Items from a data source
════════

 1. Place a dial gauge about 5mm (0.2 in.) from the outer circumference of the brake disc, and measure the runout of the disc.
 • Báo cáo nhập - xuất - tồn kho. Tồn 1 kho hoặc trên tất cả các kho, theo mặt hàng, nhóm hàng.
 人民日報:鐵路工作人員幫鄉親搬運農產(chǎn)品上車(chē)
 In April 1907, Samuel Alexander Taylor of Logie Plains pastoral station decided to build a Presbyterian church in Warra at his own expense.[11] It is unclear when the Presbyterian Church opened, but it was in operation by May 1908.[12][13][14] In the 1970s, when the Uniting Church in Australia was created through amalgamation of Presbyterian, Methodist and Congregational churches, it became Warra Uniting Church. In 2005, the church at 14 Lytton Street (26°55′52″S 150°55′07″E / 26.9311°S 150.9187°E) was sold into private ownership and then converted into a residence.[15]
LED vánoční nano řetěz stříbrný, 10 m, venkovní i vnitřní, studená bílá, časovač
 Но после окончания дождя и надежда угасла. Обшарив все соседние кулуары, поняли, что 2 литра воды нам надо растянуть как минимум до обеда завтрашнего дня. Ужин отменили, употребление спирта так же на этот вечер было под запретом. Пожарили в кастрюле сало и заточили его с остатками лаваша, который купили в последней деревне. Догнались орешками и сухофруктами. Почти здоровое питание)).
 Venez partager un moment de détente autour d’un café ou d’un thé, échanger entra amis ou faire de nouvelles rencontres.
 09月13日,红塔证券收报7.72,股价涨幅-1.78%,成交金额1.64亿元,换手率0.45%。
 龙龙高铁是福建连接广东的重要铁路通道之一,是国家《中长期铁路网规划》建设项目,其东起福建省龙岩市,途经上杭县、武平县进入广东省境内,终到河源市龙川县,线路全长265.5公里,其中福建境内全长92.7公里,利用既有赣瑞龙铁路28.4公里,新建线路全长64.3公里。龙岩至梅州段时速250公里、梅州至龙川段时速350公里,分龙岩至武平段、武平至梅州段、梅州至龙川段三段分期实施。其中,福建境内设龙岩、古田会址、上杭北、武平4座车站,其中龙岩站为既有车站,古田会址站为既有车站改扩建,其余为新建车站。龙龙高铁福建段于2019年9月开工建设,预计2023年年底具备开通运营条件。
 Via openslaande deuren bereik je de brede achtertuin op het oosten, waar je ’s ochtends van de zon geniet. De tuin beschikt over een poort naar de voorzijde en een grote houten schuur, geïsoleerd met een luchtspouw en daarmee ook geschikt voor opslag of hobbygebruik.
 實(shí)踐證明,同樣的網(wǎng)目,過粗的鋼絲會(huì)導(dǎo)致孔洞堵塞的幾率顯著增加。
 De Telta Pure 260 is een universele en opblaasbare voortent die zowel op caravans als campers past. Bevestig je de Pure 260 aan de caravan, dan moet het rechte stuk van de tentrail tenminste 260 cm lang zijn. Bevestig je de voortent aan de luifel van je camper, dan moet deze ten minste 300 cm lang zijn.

════════

> **What you need to do**: Write out every line of the data exactly, leaving nothing out.

> **Exercise result**:
 1. Place a dial gauge about 5mm (0.2 in.) from the outer circumference of the brake disc, and measure the runout of the disc.
 • Báo cáo nhập - xuất - tồn kho. Tồn 1 kho hoặc trên tất cả các kho, theo mặt hàng, nhóm hàng.
 人民日報:鐵路工作人員幫鄉親搬運農產(chǎn)品上車(chē)
 In April 1907, Samuel Alexander Taylor of Logie Plains pastoral station decided to build a Presbyterian church in Warra at his own expense.[11] It is unclear when the Presbyterian Church opened, but it was in operation by May 1908.[12][13][14] In the 1970s, when the Uniting Church in Australia was created through amalgamation of Presbyterian, Methodist and Congregational churches, it became Warra Uniting Church. In 2005, the church at 14 Lytton Street (26°55′52″S 150°55′07″E / 26.9311°S 150.9187°E) was sold into private ownership and then converted into a residence.[15]
LED vánoční nano řetěz stříbrný, 10 m, venkovní i vnitřní, studená bílá, časovač
 Но после окончания дождя и надежда угасла. Обшарив все соседние кулуары, поняли, что 2 литра воды нам надо растянуть как минимум до обеда завтрашнего дня. Ужин отменили, употребление спирта так же на этот вечер было под запретом. Пожарили в кастрюле сало и заточили его с остатками лаваша, который купили в последней деревне. Догнались орешками и сухофруктами. Почти здоровое питание)).
 Venez partager un moment de détente autour d’un café ou d’un thé, échanger entra amis ou faire de nouvelles rencontres.
 09月13日,红塔证券收报7.72,股价涨幅-1.78%,成交金额1.64亿元,换手率0.45%。
 龙龙高铁是福建连接广东的重要铁路通道之一,是国家《中长期铁路网规划》建设项目,其东起福建省龙岩市,途经上杭县、武平县进入广东省境内,终到河源市龙川县,线路全长265.5公里,其中福建境内全长92.7公里,利用既有赣瑞龙铁路28.4公里,新建线路全长64.3公里。龙岩至梅州段时速250公里、梅州至龙川段时速350公里,分龙岩至武平段、武平至梅州段、梅州至龙川段三段分期实施。其中,福建境内设龙岩、古田会址、上杭北、武平4座车站,其中龙岩站为既有车站,古田会址站为既有车站改扩建,其余为新建车站。龙龙高铁福建段于2019年9月开工建设,预计2023年年底具备开通运营条件。
 Via openslaande deuren bereik je de brede achtertuin op het oosten, waar je ’s ochtends van de zon geniet. De tuin beschikt over een poort naar de voorzijde en een grote houten schuur, geïsoleerd met een luchtspouw en daarmee ook geschikt voor opslag of hobbygebruik.
 實(shí)踐證明,同樣的網(wǎng)目,過粗的鋼絲會(huì)導(dǎo)致孔洞堵塞的幾率顯著增加。
 De Telta Pure 260 is een universele en opblaasbare voortent die zowel op caravans als campers past. Bevestig je de Pure 260 aan de caravan, dan moet het rechte stuk van de tentrail tenminste 260 cm lang zijn. Bevestig je de voortent aan de luifel van je camper, dan moet deze ten minste 300 cm lang zijn.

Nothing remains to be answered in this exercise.